--- SUPPLIED INFORMATION ---
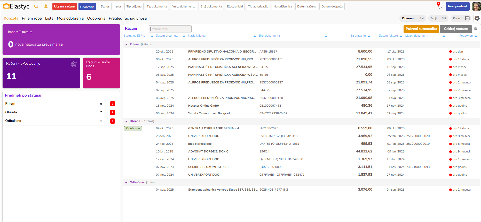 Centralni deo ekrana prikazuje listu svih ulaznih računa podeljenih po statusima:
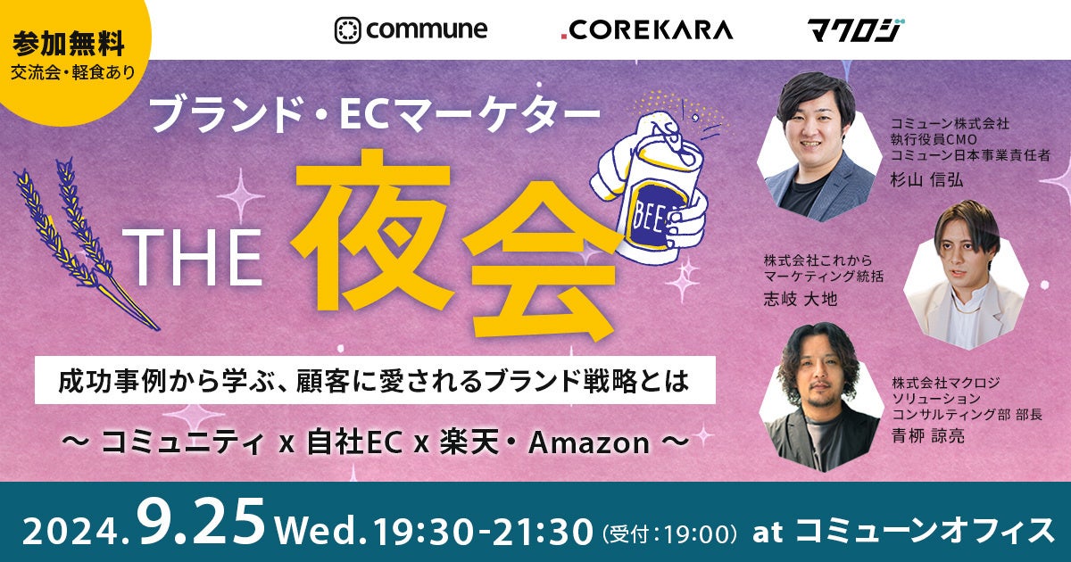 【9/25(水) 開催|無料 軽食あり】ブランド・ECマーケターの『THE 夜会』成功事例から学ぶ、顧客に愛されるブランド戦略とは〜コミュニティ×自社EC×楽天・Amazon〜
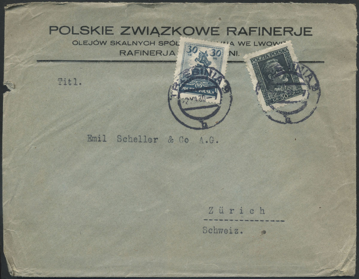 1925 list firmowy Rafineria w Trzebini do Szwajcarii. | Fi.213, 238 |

--- AIM OF THE TASK ---
Copy out the listing above in full and keep the pictures out.

--- SOLUTION ---
 Centralni deo ekrana prikazuje listu svih ulaznih računa podeljenih po statusima:
 【9/25(水) 開催|無料 軽食あり】ブランド・ECマーケターの『THE 夜会』成功事例から学ぶ、顧客に愛されるブランド戦略とは〜コミュニティ×自社EC×楽天・Amazon〜
 1925 list firmowy Rafineria w Trzebini do Szwajcarii. | Fi.213, 238 |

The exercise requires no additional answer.